* [Task requirements] The lines to return run from the start of the material below through the line holding "やすぎ起業家ミニスクール", both included; please give them back exactly, minus the pictures.

* [Recorded information]
···
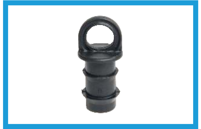
20 MM KURTAĞZI KÖR TAPA BARBED END CAP VST42210174
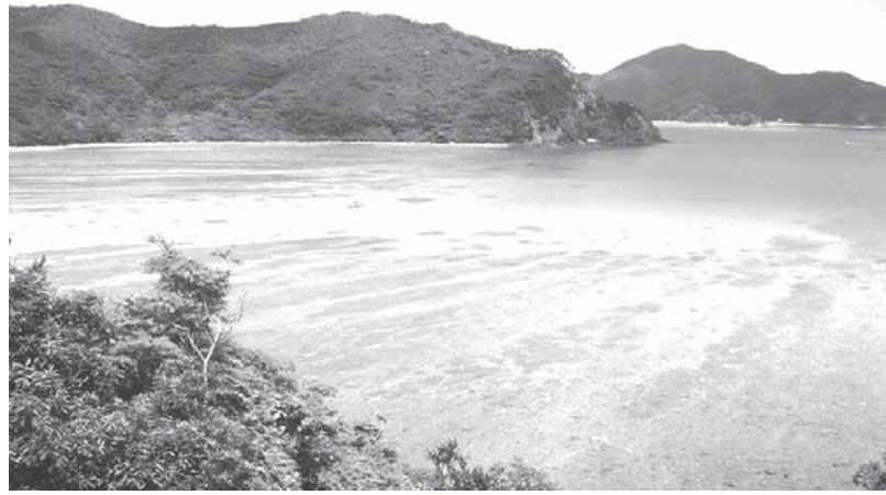
奄美大島のマネン崎

2年ぶりに日本へ一時帰国した私は、離伯間際になって、39年ぶりに奄美大島在住の家族に会いに行くことを思い立っていた。帰る支度も控えているため、わずか1泊2日の短い旅であった。 「思い立ったが吉日」と、早速電話をしてその旨を告げると、お互いが人生後半に差し掛かり、これが最後かとの思いをひそかに抱きつつ、大歓迎してくれた。 その時の電話でなにげなく、奄美大島出身の日系移民の情報がほしいことを短く伝えた。
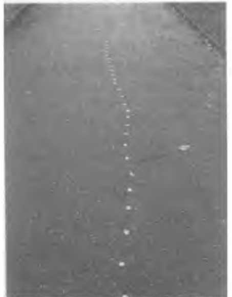
Slika 249: Na jednoj lokaciji 'mrlje' su slijedile praktički ravnu crtu.
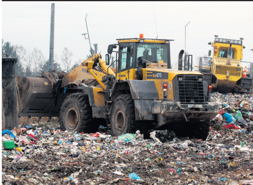
Coraz więcej odpadów, zamiast na mało estetyczne kwatery, trafiać będzie do sortowni
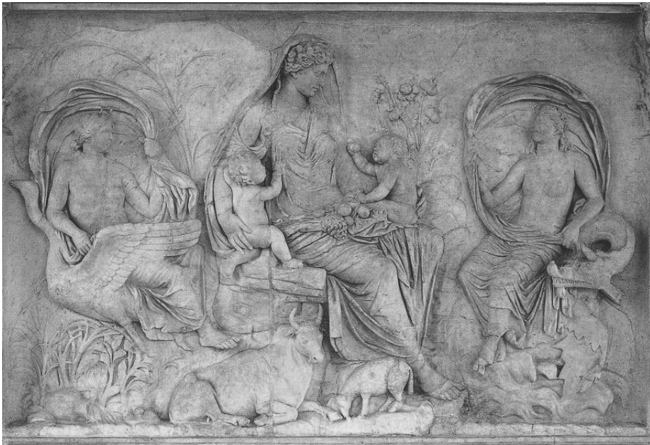
Fig. 9. Ara Pacis Augustae (9 î.Ch.). Figura alegorică a lui Tellus, Pământul (Italia sau Pacea). Ara Pacis, Roma.
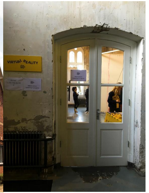
002_機械庫房內虛擬實境展區入口
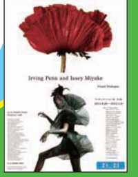
展覧会ポスター (写真上)「Poppy:Glowing Embers」、ニューヨーク、1968年 (下)「Flower Pleats(Issey Miyake Design)」、ニューヨーク、1990年
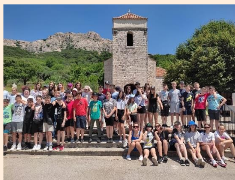
Šestaši na Krku
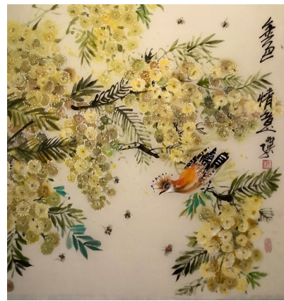
■陳秀英國畫《金色情意》65x65cm
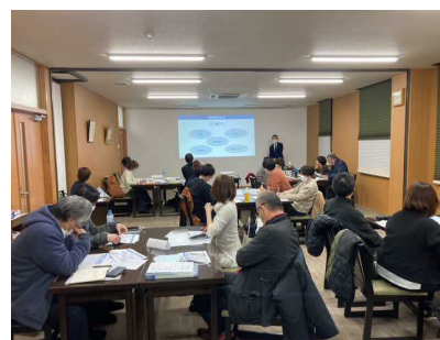
やすぎ起業家ミニスクール
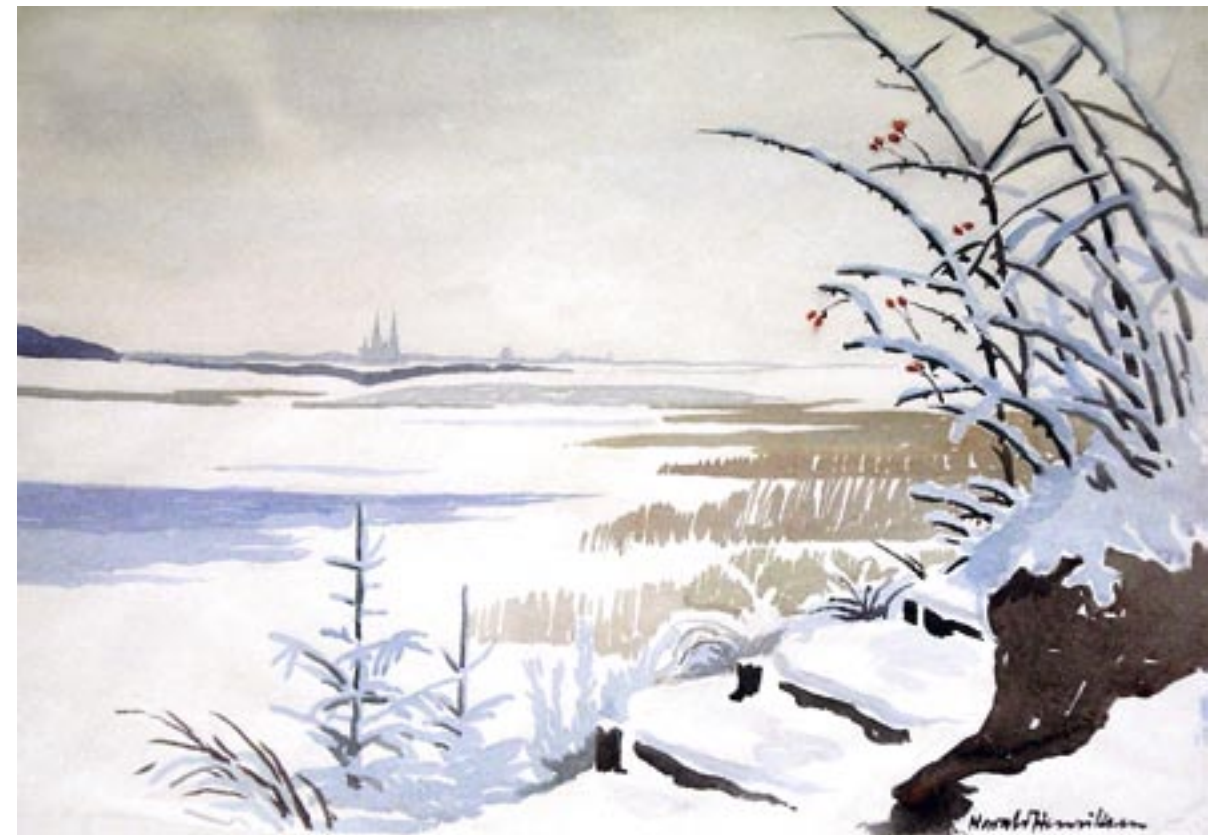
Ved Roskilde fjord, frostvinter Akvarel, 27 x 37 cm
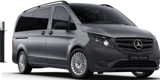
Mercedes-Benz Vito / V
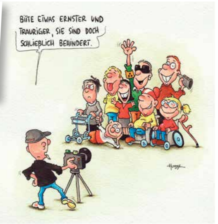
Karikaturen von Phil Hubbe werden auch gezeigt.

derte Cartoons – lachen erlaubt“, Fotografien und Malereien von Multiple-Sklerose-Betroffenen aus Mecklenburg-Vorpommern sowie Bilder von Kindern, die zeigen, wie sie MS sehen. Nach der Ausstellungseröffnung findet im Schleswig-Holstein-Haus ab 14 Uhr ein Hoffest mit Swing-Musik, einem Fachvortrag und Beratung statt. Die Ausstellung ist bis zum 31. Mai im Untergeschoss der Marienplatz-Galerie zu sehen. www.dmsg-mv.de
···
* [Solved problem]
20 MM KURTAĞZI KÖR TAPA BARBED END CAP VST42210174
奄美大島のマネン崎

2年ぶりに日本へ一時帰国した私は、離伯間際になって、39年ぶりに奄美大島在住の家族に会いに行くことを思い立っていた。帰る支度も控えているため、わずか1泊2日の短い旅であった。 「思い立ったが吉日」と、早速電話をしてその旨を告げると、お互いが人生後半に差し掛かり、これが最後かとの思いをひそかに抱きつつ、大歓迎してくれた。 その時の電話でなにげなく、奄美大島出身の日系移民の情報がほしいことを短く伝えた。
Slika 249: Na jednoj lokaciji 'mrlje' su slijedile praktički ravnu crtu.
Coraz więcej odpadów, zamiast na mało estetyczne kwatery, trafiać będzie do sortowni
Fig. 9. Ara Pacis Augustae (9 î.Ch.). Figura alegorică a lui Tellus, Pământul (Italia sau Pacea). Ara Pacis, Roma.
002_機械庫房內虛擬實境展區入口
展覧会ポスター (写真上)「Poppy:Glowing Embers」、ニューヨーク、1968年 (下)「Flower Pleats(Issey Miyake Design)」、ニューヨーク、1990年
Šestaši na Krku
■陳秀英國畫《金色情意》65x65cm
やすぎ起業家ミニスクール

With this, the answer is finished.